BEGIN
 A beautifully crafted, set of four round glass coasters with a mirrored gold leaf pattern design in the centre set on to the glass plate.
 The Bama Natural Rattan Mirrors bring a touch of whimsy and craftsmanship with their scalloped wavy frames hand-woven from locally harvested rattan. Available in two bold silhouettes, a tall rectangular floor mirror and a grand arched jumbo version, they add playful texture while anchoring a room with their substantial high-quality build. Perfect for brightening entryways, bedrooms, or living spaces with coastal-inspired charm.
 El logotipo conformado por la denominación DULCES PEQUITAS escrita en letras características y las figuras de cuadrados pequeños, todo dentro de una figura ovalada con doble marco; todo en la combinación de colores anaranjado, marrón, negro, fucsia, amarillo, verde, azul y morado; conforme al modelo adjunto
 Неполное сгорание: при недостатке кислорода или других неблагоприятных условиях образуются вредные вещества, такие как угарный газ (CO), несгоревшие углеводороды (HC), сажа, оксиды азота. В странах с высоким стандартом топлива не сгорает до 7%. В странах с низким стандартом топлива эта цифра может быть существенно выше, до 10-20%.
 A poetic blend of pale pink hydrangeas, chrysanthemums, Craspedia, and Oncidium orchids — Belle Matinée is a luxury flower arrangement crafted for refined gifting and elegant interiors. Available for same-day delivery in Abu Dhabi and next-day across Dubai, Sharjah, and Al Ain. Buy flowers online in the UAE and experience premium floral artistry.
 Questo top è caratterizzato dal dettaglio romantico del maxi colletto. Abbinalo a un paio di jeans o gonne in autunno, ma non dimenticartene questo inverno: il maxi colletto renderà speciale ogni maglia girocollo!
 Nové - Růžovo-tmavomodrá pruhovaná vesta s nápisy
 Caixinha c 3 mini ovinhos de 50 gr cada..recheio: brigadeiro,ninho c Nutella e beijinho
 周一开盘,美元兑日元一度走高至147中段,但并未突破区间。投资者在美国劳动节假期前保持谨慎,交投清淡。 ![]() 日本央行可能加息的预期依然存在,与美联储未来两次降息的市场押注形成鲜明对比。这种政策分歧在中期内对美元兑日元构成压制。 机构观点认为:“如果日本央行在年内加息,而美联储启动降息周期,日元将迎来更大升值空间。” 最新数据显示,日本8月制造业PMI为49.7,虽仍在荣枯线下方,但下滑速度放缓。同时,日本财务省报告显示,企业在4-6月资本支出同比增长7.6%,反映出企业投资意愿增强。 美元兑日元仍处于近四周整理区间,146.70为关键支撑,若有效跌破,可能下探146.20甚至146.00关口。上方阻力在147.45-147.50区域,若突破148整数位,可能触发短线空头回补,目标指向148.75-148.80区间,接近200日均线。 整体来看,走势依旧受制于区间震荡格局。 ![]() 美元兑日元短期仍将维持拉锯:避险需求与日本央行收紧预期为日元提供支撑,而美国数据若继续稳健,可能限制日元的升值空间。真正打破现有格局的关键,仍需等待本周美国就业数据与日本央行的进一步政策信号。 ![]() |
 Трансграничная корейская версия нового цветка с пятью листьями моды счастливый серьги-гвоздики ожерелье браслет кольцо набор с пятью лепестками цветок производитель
END
BEGIN
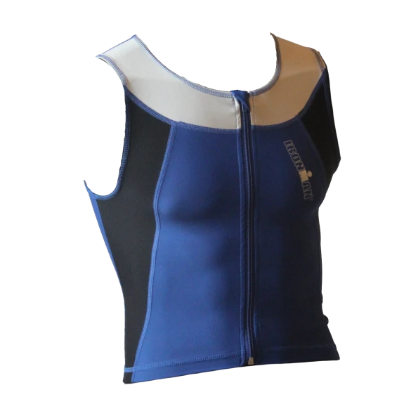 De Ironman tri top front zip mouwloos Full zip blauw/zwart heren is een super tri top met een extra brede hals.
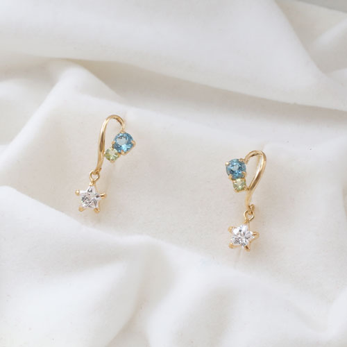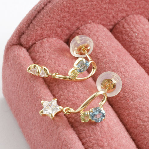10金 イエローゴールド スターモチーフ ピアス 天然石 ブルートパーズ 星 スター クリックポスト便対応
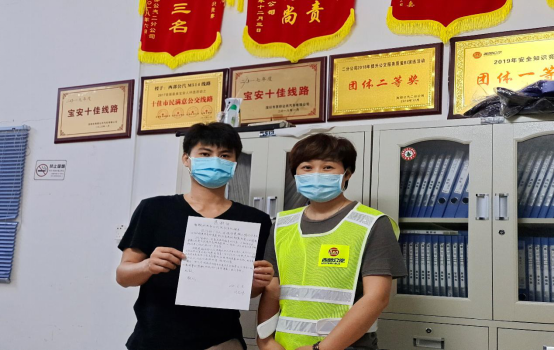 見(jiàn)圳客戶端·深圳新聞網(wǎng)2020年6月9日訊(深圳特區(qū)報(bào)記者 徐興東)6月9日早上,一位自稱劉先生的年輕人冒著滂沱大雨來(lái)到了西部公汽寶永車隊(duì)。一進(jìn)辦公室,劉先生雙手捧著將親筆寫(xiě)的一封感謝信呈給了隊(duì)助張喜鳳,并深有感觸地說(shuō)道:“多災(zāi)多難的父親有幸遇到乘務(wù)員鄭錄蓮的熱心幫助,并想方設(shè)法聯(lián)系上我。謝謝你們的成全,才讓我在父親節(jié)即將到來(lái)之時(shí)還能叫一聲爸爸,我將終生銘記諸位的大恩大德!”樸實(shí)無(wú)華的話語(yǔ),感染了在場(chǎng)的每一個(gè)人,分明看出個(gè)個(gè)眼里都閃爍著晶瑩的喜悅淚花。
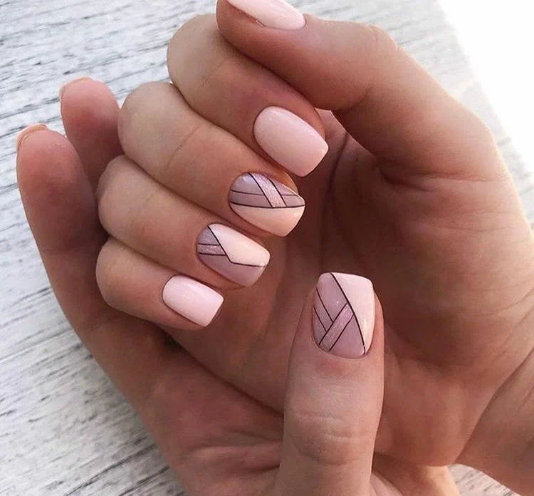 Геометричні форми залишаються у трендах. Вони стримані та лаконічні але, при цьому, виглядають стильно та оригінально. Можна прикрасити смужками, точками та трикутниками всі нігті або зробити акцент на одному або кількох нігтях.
END
● TASK OBJECTIVE
Scan the lines above for the word "crafted" and copy every one where it occurs.

● ANSWER BOX
 A beautifully crafted, set of four round glass coasters with a mirrored gold leaf pattern design in the centre set on to the glass plate.
 A poetic blend of pale pink hydrangeas, chrysanthemums, Craspedia, and Oncidium orchids — Belle Matinée is a luxury flower arrangement crafted for refined gifting and elegant interiors. Available for same-day delivery in Abu Dhabi and next-day across Dubai, Sharjah, and Al Ain. Buy flowers online in the UAE and experience premium floral artistry.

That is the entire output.